Опускаю все свои страдания-переживания. Из-за них я аттестат получила хуже, чем могла. Опускаю, что травиться хотела, но в последнюю минуту меня как ударит в спину. Да так сильно! Дело было в ванной. Стою с таблетками, за мной дверь, на двери прилеплена морда, непонятно чья, какого зверя… Потому и прилепили. Чтоб все спрашивали: а кто это у вас такой в ванной? Значит, я обернулась и поняла: никто, кроме этого неизвестного и безымянного зверя, никто меня садануть в спину не мог. Тогда уже всякого фантастического было навалом, и я сразу решила: меня от смерти отвели, значит, все равно мы с Эдиком будем вместе. Иначе зачем жить? И все так и случилось, будь проклята вся чистая и нечистая сила вместе и по отдельности. Хотя до этого так называемого счастья надо было еще жить и жить.
Главная новость после школы: Эдик и Клара Ивановна женятся, потому что Клара Ивановна оказалась не в пример мне деревом плодоносящим. Она подзалетела, и мальчика Эдика, который на шесть лет был младше, взяла на испуг.

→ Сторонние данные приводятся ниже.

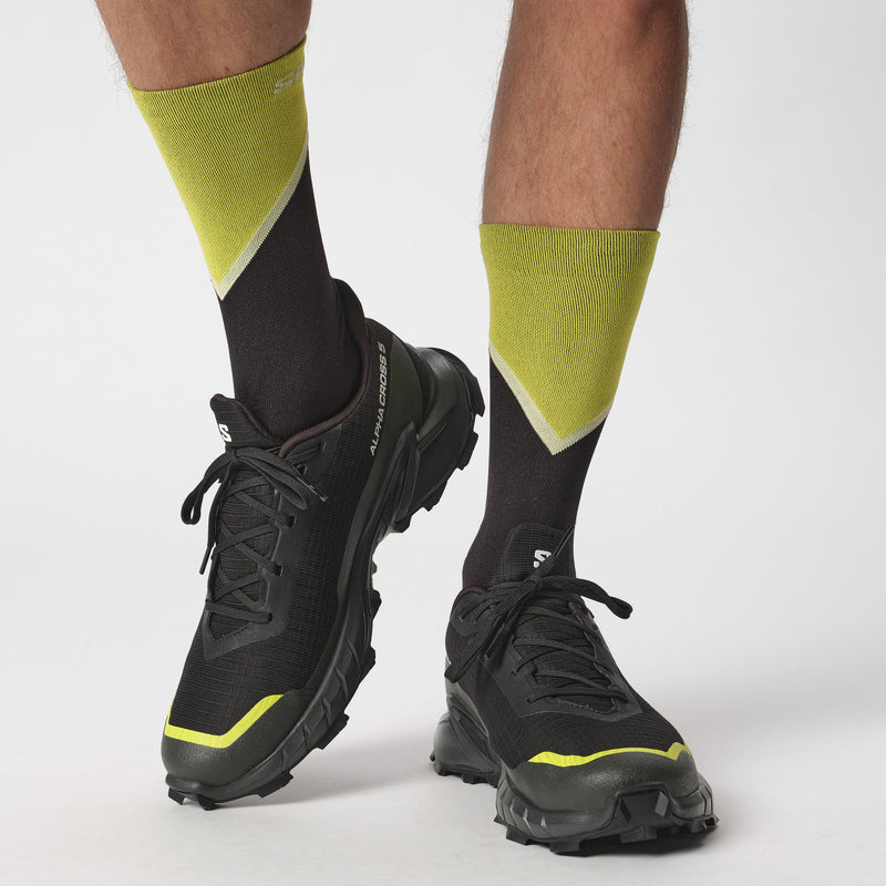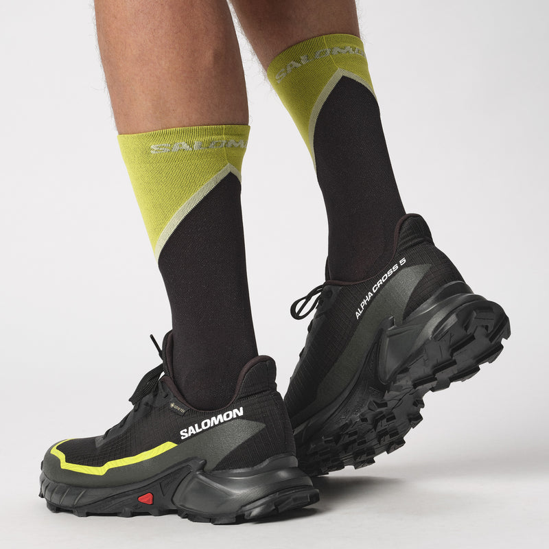 A versatile trail and all-round running shoe perfectly equipped for wet, muddy scrambles or neighbourhood laps. ALPHACROSS 5 GORE-TEX has a waterproof upper, deep, aggressive lugs for optimal grip and mud shedding and a softer midsole compound for comfort and long-lasting cushioning.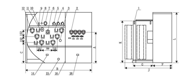 ☆ The tap-changer has three or five gears, marked by رہ, جمع, جمع, D, and E, and the tap-out range is 10جمع±5% or 10جمع±2*2. 5%。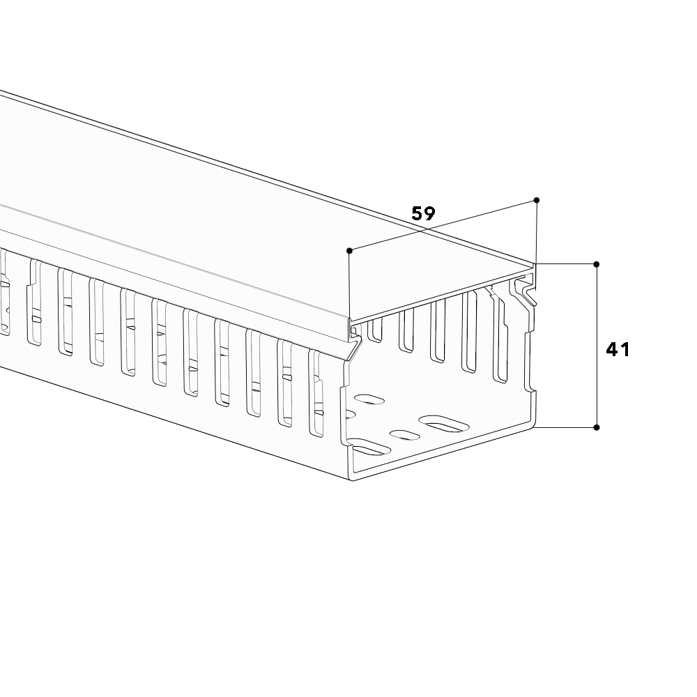 Goulotte de câblage en PVC selon DIN EN 50085-2-3 pour le montage dans des armoires électriques, embase avec parois latérales fendues et avec trois rangées de perforations sur le fond de l'embase selon DIN EN 50085-2-3, couvercle recouvrant avec une arête située tout le long pour un positionnement d'étiquette. Les lamelles latérales peuvent être découpées sans outil, elles peuvent être également découpées juqu'au fond à l'aide d'une pince . La goulotte de câblage est testée VDE et certifiée CSA.
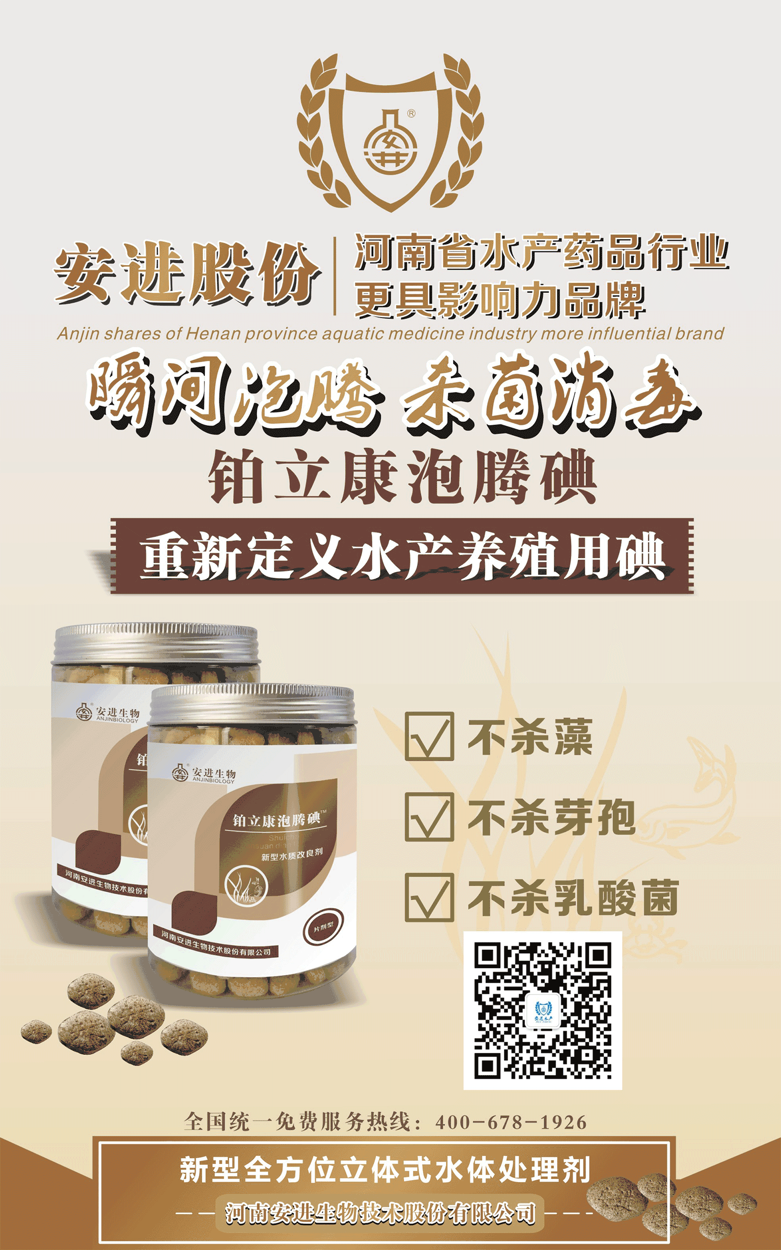 治疗:内服黄连康1袋+出血烂鳃停2袋+肝宁2袋+白便白斑宁2袋+酶益添1袋+复合免疫多糖1袋拌料40斤,连喂5天。外泼噬菌肽2亩/袋,两小时后黄连康1袋+铂立康2瓶混合浸泡半小时后全池泼洒,晚上安进巨能氧片剂型1袋/亩,连用3天。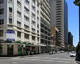 Bathurst Street is a street in the Sydney central business district in New South Wales, Australia. Bathurst Street runs for 650 metres (2,130 ft) in a west–east direction with traffic flowing in this direction only.[1][2] It is situated in the southern portion of the central business district. The western terminus of Bathurst Street is at Harbour Street, Darling Harbour, with the eastern terminus at Elizabeth Street, adjacent to Hyde Park.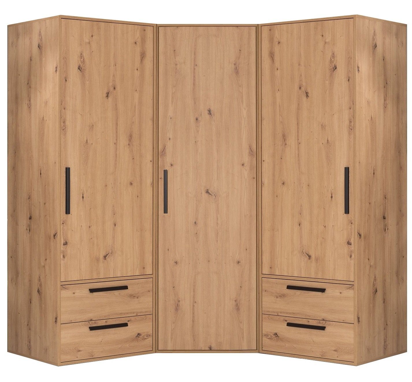 Garderoben set Arti D - ein Echschrank mit viel Stauraum, Einlegeböden und Kleiderstangen, zwei eintürige Kleiderschränke mit Schubladen, Einlegeböden und Kleiderstange

Сейчас рекламная пауза. Я схожу в туалет, а вам задание – как, по-вашему, реагировала Эдичкина мама, полька, на такой разворот событий?
…Я поняла, чем у вас пахнет – импортными штучками из уборной. А то я все думаю: чем? чем? Так вот, полька была счастлива! Почему? По кочану. Клара Ивановна, как выяснилось, знала польский, выписывала польские журналы, обожала польское кино. Эдик, конечно, об этом ни сном ни духом, он по сути своей был русским человеком, и материнские выбрыки ему были по фигу. Он был в смысле национального вопроса нормальный… Он только евреев не любил… Но это же такое дело… Опять вы дергаетесь? Вы же не еврейка, чего вам? Я вот, например, отношусь к ним спокойно, пока они не возникают… Я очень спокойно отношусь. Ну, ладно, это тоже у нас как бы рекламная пауза.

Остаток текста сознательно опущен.